Now, checking the Rate of Deaths V/S Rates of Recovery:-

plt.figure(figsize=(11,10))
plt.suptitle("Graph B/W Death Rate and Recovery Rate in india")

sns.lineplot(
    data=data[['Cured','Deaths']]
    ,markers=False, dashes=True,palette='muted',err_style='bars',ci=None
)
sns.set_style("whitegrid")

plt.show()

Means Recovery Rate is Higher Than The Death Rate In India Which Is a Good Sign:)

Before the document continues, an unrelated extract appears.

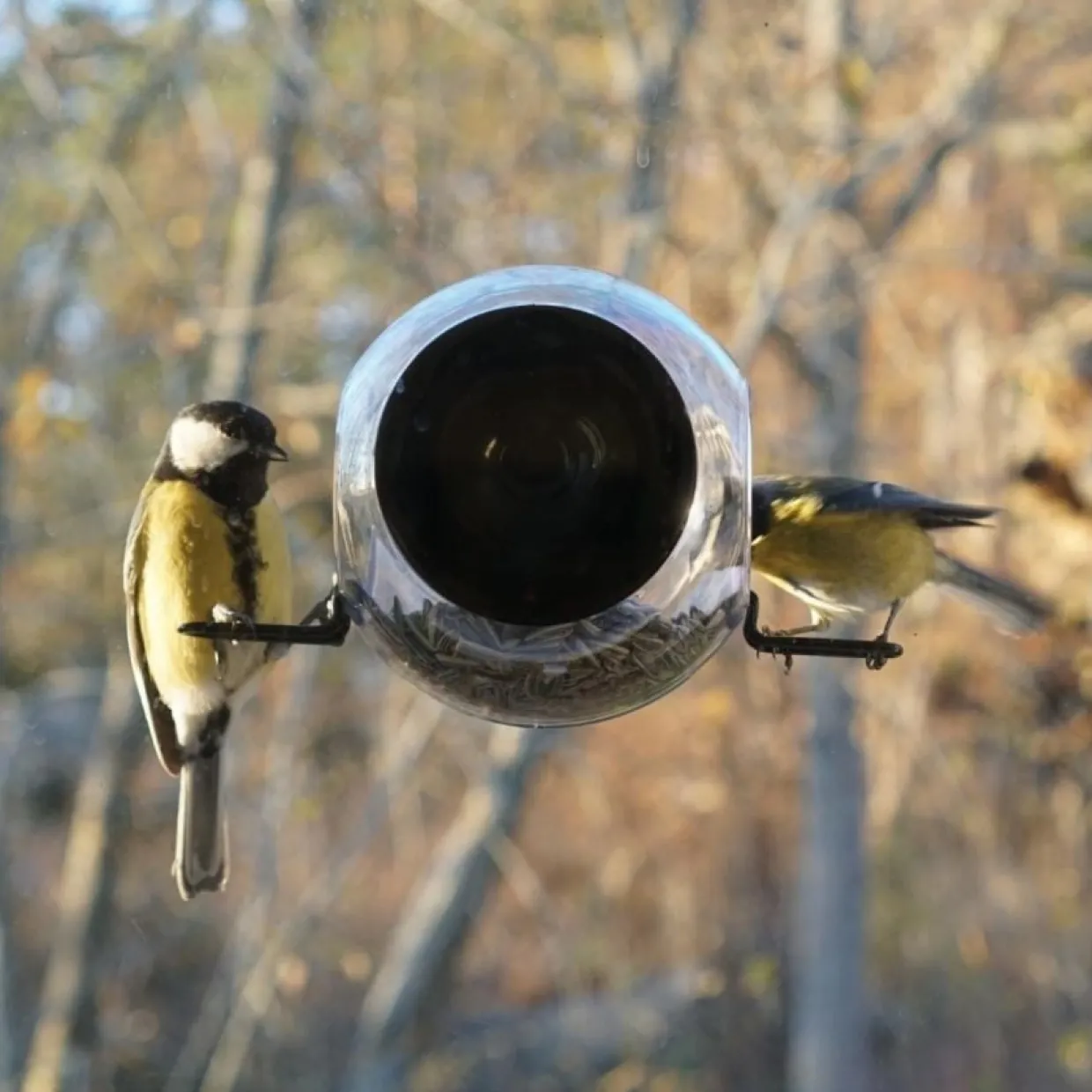 Smart fågelmatare som fästs på utsidan av fönstret – perfekt för fågelskådaren! Fågelmataren monteras med hjälp av den dubbelsidiga sugproppen som är svart för att förhindra att fåglarna flyger in i själva mataren. Den har ett dräneringshål och är lätt och diska, tål även maskindisk.

Now, Checking the vaccination:-

raw_vaccination=pd.read_csv('C:\\Users\\Lenovo\\Desktop\\covid19_dataset\\covid_vaccine_statewise.csv')
vaccination_data=raw_vaccination.copy()
vaccination_data.head(20)

Output:

• Checking for Null Values:

vaccination_data.isna().sum()

Output:

So there are null values present in our dataset

• Fill the null values according to median

• To fill this i created a function:

  def filling_Data(col):
    if vaccination_data[col].isna().sum()==0:
        pass
    else:
        vaccination_data[col]=vaccination_data[col].fillna(vaccination_data[col].median())
    return vaccination_data[col]
  

• Now, pass the values to the function:

for col in vaccination_data.columns:
    filling_Data(col)

• Now again check the null values:-

vaccination_data.isna().sum()

Output:

Now,checking relationship between total individuas vaccinated and session:-

plt.figure(figsize=(9,8))
sns.set_style('whitegrid', rc={"lines.linewidth": 0.7})
sns.lineplot(vaccination_data['State'],vaccination_data['Total Sessions Conducted'])
sns.lineplot(vaccination_data['State'],vaccination_data['Total Individuals Vaccinated'])
plt.tight_layout()
plt.xticks(rotation=90)
plt.legend(['Total_sessions','total_individuals vaccinated'])
plt.show()

Output:-

Above graph reflects that vaccination rate is higher in india

Now, checking the Difference B/W first dose and second dose:-

plt.figure(figsize=(9,8))
sns.set_style('whitegrid', rc={"lines.linewidth": 0.7})
sns.lineplot(vaccination_data['State'],vaccination_data['First Dose Administered'],color='maroon')
plt.bar(vaccination_data['State'],vaccination_data['Second Dose Administered'])
plt.tight_layout()
plt.xticks(rotation=90)
plt.legend(['first_dose','second_dose'])
plt.ylabel('First and Second Dose',fontsize=15)
plt.xlabel('State', fontsize=18)
plt.show()

Output:-

Means the first dose rate is higher than second

Now, checking for which state has highest no. of genderwise vaccination done :-

plt.figure(figsize=(9,8))
sns.set_style('whitegrid', rc={"lines.linewidth": 0.9},)
sns.barplot(vaccination_data['State'],vaccination_data['Male(Individuals Vaccinated)'],color='green',label='Male')
sns.lineplot(vaccination_data['State'],vaccination_data['Female(Individuals Vaccinated)'],color='red',label='Female',palette='muted')
sns.lineplot(vaccination_data['State'],vaccination_data['Transgender(Individuals Vaccinated)'],color='blue',label='Trans',palette='muted')

plt.tight_layout()
plt.xticks(rotation=90)
#plt.legend(['Male'])
plt.ylabel('Vaccinated per (10,000,000)',fontsize=15)
plt.xlabel('State', fontsize=18)

plt.show()

Output:-

No. of males vaccinated more than females and the TOP states are

• 1.Maharastra
• 2.Gujrat
• 3.Uttar Pradesh
• 4.Rajasthan
• 5.West bangal
• 6.Madhya Pradesh

  Now,checking for which vaccine is more distribtes:-

plt.figure(figsize=(9,8))
sns.set_style('whitegrid', rc={"lines.linewidth": 0.9},)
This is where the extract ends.